Earl Attlee: My Lords, if they are a genuine asylum seeker, in some cases it will be easy to determine that they have a good case. Once asylum is granted, people

3 Apr 2014 : Column 1115 are able to work straightaway. However, if the case is difficult, possibly because the asylum seeker has made it difficult, unfortunately it takes considerably more time to determine the application.

As I was saying before my noble friend intervened, we do not believe that it is worth taking a risk with the progress that we have made so far. It is true that some asylum claims take too long to consider, but the Home Office is addressing the issue. In year 2012-13, 78% of claims received a decision within six months.

It may be generally true that unfounded claims can be considered faster than other claims, but they still need to be considered individually, which takes time and resources. Consideration of these claims therefore slows down consideration of genuine claims, at the expense of people who need international protection.

The current policy strikes the right balance. Asylum seekers are provided with support and accommodation if they are destitute. If their asylum claims are undetermined after 12 months for reasons outside their control, they can apply for permission to work. This is a fair and reasonable policy and we should keep to it. In the light of these points, I hope that my noble friend will feel able to withdraw this amendment.

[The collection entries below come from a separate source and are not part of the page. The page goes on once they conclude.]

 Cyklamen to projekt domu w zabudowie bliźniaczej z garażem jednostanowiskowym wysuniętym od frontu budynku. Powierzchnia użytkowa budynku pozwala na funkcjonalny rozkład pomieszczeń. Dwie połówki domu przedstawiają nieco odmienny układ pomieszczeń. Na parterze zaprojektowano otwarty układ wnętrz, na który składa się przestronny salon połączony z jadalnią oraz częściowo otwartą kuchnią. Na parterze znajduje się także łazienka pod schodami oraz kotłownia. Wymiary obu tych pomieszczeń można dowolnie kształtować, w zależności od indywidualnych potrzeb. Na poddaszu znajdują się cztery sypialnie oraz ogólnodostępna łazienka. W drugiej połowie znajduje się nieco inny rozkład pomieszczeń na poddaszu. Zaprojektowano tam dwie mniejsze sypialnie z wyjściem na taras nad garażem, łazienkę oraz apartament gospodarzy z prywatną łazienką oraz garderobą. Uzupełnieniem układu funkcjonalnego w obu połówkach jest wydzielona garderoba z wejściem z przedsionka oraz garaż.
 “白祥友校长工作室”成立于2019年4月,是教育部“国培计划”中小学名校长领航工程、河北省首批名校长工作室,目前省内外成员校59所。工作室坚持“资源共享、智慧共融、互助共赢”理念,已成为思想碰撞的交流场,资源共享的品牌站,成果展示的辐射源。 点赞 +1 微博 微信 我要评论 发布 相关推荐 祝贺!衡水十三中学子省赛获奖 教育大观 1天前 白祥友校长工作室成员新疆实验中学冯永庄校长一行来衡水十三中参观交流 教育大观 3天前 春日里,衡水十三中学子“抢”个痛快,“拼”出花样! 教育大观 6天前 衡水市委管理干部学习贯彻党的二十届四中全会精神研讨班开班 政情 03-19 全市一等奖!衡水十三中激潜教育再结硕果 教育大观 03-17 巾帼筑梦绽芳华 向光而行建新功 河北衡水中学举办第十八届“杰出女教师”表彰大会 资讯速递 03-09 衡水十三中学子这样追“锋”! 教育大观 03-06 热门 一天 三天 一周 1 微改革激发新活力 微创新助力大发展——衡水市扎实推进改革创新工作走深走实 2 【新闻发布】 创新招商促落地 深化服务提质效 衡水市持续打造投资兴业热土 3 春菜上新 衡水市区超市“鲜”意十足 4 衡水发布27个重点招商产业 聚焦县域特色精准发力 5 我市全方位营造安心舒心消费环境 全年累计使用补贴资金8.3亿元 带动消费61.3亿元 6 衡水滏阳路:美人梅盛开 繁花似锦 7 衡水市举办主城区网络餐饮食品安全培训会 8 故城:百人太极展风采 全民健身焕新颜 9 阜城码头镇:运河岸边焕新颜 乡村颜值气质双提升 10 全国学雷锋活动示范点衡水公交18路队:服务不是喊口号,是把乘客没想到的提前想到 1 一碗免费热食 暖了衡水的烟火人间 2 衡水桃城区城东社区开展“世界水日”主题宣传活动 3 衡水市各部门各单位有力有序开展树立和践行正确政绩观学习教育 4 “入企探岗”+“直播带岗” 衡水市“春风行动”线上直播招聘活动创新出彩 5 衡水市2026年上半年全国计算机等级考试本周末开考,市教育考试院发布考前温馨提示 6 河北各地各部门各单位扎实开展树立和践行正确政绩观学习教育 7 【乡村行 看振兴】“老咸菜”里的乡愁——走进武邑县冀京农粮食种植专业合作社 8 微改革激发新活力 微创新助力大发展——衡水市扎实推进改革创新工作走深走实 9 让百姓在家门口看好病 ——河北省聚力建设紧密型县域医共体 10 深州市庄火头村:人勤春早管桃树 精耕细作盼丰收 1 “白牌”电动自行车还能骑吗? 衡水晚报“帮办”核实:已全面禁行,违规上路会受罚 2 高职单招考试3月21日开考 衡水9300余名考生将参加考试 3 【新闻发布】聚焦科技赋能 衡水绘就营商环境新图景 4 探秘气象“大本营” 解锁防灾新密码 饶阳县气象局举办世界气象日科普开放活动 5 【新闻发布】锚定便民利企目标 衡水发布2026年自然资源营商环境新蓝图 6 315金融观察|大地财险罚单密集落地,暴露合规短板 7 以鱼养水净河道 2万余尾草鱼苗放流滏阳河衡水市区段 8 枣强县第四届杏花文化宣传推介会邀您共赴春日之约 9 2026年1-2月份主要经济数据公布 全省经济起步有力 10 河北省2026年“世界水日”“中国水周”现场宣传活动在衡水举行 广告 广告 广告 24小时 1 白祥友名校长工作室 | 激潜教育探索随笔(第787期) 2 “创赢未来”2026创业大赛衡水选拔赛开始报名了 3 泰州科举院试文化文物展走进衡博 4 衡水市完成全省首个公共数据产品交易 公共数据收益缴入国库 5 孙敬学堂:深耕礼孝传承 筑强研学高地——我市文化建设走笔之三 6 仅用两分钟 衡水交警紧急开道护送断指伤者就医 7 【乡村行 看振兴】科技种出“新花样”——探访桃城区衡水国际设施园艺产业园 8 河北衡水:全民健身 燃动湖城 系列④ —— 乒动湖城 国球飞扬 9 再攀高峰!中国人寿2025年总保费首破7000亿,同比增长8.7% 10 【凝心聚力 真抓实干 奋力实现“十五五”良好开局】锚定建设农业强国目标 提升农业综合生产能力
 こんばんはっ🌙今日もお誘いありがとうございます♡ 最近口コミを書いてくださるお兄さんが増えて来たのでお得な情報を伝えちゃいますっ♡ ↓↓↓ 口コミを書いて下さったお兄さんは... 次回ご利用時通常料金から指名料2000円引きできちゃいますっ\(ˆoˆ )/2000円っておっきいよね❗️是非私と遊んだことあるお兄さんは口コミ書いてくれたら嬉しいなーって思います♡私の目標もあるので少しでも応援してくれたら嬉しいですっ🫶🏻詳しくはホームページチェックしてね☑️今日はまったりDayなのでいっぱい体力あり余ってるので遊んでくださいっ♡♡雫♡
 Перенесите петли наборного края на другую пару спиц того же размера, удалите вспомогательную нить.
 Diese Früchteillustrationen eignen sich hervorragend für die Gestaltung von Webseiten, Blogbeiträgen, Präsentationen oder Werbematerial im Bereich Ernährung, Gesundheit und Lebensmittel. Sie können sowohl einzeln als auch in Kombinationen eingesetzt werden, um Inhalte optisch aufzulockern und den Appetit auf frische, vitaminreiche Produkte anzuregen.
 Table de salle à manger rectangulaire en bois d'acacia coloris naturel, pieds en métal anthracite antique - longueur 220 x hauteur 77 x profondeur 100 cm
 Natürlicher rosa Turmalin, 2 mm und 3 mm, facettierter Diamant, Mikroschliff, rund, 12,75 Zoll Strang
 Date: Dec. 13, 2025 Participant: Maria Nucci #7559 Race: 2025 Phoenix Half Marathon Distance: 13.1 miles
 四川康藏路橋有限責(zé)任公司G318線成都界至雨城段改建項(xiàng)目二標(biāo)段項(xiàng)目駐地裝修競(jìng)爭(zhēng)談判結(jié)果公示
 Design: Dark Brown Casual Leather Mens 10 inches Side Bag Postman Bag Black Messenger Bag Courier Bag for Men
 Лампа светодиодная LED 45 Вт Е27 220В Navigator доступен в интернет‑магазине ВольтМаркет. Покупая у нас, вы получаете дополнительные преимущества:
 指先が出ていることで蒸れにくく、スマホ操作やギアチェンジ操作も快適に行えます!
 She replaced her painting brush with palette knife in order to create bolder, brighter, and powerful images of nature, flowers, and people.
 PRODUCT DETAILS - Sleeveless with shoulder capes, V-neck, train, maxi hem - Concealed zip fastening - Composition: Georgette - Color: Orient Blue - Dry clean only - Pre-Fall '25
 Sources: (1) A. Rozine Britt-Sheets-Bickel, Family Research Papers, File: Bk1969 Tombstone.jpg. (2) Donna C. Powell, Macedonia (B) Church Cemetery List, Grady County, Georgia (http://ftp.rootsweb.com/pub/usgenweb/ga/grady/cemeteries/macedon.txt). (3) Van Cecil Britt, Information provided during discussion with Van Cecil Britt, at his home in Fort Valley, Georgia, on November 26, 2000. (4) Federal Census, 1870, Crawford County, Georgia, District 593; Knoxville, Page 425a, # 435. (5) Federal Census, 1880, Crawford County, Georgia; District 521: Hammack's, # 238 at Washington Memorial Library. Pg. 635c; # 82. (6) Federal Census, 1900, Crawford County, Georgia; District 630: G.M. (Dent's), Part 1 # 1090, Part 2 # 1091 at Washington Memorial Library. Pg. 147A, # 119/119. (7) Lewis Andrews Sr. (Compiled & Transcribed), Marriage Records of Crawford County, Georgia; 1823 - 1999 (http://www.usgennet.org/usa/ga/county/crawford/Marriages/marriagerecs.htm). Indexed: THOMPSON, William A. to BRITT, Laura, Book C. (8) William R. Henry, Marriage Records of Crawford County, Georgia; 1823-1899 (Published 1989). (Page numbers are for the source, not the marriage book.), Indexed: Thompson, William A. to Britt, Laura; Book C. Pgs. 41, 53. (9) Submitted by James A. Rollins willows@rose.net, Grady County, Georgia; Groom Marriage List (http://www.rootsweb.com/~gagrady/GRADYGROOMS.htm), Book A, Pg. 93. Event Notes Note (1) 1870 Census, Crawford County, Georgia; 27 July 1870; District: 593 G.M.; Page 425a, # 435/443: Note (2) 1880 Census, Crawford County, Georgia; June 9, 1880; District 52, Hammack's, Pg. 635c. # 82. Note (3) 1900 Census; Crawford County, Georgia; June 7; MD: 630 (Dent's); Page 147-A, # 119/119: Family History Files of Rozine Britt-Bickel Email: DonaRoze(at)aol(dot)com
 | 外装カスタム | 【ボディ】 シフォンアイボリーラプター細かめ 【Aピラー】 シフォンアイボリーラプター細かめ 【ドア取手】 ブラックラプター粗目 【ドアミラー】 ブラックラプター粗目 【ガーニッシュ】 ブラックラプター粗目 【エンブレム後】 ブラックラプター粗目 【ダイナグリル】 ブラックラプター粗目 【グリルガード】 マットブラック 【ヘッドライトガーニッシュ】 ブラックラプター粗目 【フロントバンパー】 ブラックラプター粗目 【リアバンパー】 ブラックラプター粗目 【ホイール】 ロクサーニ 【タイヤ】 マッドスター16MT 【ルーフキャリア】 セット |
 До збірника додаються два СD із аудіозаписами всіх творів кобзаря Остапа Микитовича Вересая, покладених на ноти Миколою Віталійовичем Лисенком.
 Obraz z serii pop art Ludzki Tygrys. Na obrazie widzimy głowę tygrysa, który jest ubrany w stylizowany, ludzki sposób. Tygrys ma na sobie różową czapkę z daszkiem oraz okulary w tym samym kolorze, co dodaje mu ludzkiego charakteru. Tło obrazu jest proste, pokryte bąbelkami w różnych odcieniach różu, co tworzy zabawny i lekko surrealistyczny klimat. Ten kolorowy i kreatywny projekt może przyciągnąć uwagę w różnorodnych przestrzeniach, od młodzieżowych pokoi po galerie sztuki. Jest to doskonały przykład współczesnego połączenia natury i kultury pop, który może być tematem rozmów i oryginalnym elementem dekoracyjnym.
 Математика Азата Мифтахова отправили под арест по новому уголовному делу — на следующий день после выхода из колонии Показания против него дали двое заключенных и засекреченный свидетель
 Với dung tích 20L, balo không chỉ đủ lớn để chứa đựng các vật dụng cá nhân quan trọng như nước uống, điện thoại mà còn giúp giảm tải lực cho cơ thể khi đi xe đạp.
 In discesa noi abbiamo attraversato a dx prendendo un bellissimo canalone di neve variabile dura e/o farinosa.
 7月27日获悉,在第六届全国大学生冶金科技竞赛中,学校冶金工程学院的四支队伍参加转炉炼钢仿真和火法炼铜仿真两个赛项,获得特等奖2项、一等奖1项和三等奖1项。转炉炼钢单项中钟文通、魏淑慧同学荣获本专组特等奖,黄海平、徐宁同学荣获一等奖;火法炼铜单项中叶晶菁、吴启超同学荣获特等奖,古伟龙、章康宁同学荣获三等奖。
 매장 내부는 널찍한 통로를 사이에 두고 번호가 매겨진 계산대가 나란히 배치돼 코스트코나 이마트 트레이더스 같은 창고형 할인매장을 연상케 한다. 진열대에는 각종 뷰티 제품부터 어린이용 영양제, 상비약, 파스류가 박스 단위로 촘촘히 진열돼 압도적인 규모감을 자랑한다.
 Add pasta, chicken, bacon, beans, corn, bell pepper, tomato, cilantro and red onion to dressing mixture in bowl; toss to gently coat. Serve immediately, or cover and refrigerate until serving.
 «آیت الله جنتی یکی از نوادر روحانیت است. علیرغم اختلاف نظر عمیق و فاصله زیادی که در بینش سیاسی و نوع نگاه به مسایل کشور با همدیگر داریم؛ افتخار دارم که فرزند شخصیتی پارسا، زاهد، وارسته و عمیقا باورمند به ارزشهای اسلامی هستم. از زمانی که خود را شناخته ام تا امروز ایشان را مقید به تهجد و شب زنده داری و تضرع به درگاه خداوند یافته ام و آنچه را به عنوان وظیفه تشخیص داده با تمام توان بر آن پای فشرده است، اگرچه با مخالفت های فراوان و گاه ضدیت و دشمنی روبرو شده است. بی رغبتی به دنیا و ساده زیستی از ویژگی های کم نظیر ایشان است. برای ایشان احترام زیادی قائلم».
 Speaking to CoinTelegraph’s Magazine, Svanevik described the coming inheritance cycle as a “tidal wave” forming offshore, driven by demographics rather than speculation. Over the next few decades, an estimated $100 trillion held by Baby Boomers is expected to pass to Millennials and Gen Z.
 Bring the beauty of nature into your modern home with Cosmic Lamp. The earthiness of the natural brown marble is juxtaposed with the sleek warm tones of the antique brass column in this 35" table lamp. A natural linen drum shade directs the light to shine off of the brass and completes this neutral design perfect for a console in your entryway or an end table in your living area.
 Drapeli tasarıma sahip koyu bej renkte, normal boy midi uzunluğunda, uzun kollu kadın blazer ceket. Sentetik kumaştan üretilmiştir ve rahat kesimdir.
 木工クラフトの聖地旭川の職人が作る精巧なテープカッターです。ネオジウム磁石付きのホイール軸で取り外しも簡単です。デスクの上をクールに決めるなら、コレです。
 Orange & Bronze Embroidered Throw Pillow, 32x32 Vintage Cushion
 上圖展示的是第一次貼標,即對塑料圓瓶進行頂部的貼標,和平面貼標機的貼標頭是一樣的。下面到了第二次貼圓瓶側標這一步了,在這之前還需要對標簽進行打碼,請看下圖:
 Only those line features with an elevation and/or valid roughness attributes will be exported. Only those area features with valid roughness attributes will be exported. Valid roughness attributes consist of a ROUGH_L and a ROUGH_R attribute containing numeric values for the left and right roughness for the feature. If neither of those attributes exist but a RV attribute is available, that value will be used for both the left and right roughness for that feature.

Lord Roberts of Llandudno: I thank the Minister for his reply and say how terribly disappointed I am, even though we have brought this issue up time and again, that that there is no movement whatever on the part of the Conservative Front Bench. I note that the Labour Front Bench has not intervened in this debate and am also very sad for that; I wish that it would join us in this campaign. I will not test the feeling of the House today, but I propose to bring forward a Private Member’s Bill again in the next Session of Parliament. I therefore, most reluctantly, beg leave to withdraw the amendment. Amendment 54 withdrawn.